When the thinking or writing has got stuck, and work on the next book (if that’s what it ever becomes) is stalled for a while, one entirely harmless diversion on the internet is to go along to math.stackexchange.com to see if I can usefully answer any logic questions. If you don’t know the site, it is the junior partner of the stunningly useful research-level mathoverflow.net which operates mostly beyond my pay grade.
Some of the questions on math.se are pretty confused stuff, or are from students trying their luck in getting others to do their homework for them. But such questions usually get closed down quickly. And there are enough questions which — even if hardly novel — are interesting enough to keep me going back to the site and having a shot at answering them. For some recent efforts with an unusually philosophical flavour, see this (on whether we can prove mathematical induction is sound), or this (on defining functions in set theory) or this (on whether there currently exists a set of Olympics 2016 winners). Or if you want something more techie (and don’t know the footnotes in my Gödel book!) you might like this proof from Rosza Péter that there are recursive but not primitive recursive functions which aren’t fast growing.

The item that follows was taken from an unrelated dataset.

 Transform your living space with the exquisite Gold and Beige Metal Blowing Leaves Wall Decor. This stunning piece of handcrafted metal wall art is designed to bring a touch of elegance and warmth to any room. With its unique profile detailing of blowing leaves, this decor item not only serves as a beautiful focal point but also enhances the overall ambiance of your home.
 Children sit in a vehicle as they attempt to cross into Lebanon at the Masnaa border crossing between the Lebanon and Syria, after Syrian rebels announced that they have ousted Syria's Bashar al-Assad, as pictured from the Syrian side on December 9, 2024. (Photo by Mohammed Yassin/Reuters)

It might be fun to contribute, but is it worth the small-but-not-neglible effort? I’ve just checked my “profile” on math.se as you do: the whole enterprise is gamified, there are reputation points to be accrued, badges to be won, … sad eh? (Well, no, not sad — the whole point is that the voting up and down of answers for accuracy, clarity, helpfulness is what makes the site reliably useful). And what’s just really struck me is the Impact score. That’s the number of times people have read answers of mine that got positive votes (I think that’s how it basically works — though obviously no one is counting the quality of the reading!). The score is ~352K.

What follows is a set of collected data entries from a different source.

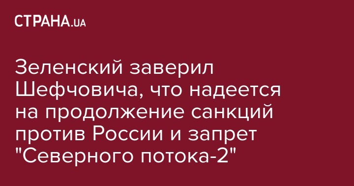 Зеленский заверил Шефчовича, что надеется на продолжение санкций против России и запрет "Северного потока-2"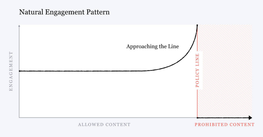 En 2018, Mark Zuckerberg presentó una gráfica6 muy reveladora que mostraba cómo las personas interactúan de forma desproporcionada con contenido sensacionalista y provocador. Su intención era revertir esta tendencia reduciendo la visibilidad de dicho contenido.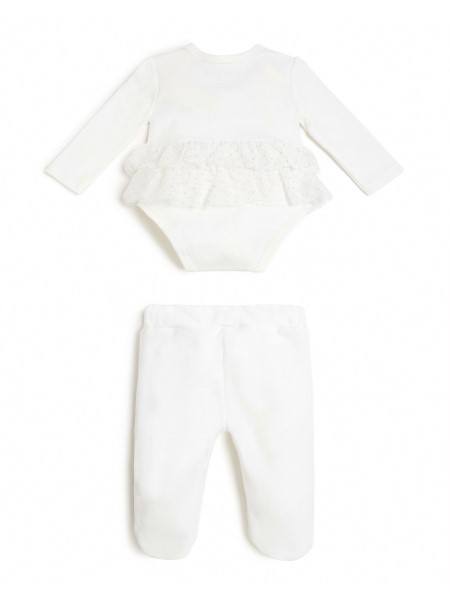 Designed in a soft velour fabrication, this matching set features a long-sleeve bodysuit with logo text and tulle mesh paneling at the waist. Complete by a pair of footed leggings.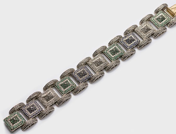 Silber und Gelbgold, gest. 56 (583). Besetzt mit Saphiren von zus. ca. 3,56 ct., Smaragden von zus. ca. 2,46 ct. und Diamanten von zus. ca. 4,33 ct., in Pavéfassung. Gew. ca. 53,90 g.

That’s a lot of readings. But it is not a wildly exceptional total (there are some very impressive expositors who contribute frequently to math.se and whose impact score is in the millions). So I’ve nothing especial to boast about here. Rather, it just brings home how very heavily used a site like math.se is. I imagine that this is very much on the basis of student-to-student recommendation, as in my experience lecturers can be distinctly sniffy about this sort of thing. But quite wrongly, I think. As a reader I’ve certainly learnt a lot of fiddly points of category theory there by searching around when stuck. Grad students and beyond can learn from the exercise of writing crisp cogent solutions to problems (and should surely be encouraged to do so, within reason). And old hands in their retirement, with little taste for golf or gardening, can continue to satisfy their pedagogic urges and find a grateful audience out there (much larger than any audience they were ever paid to teach!). What’s not to like?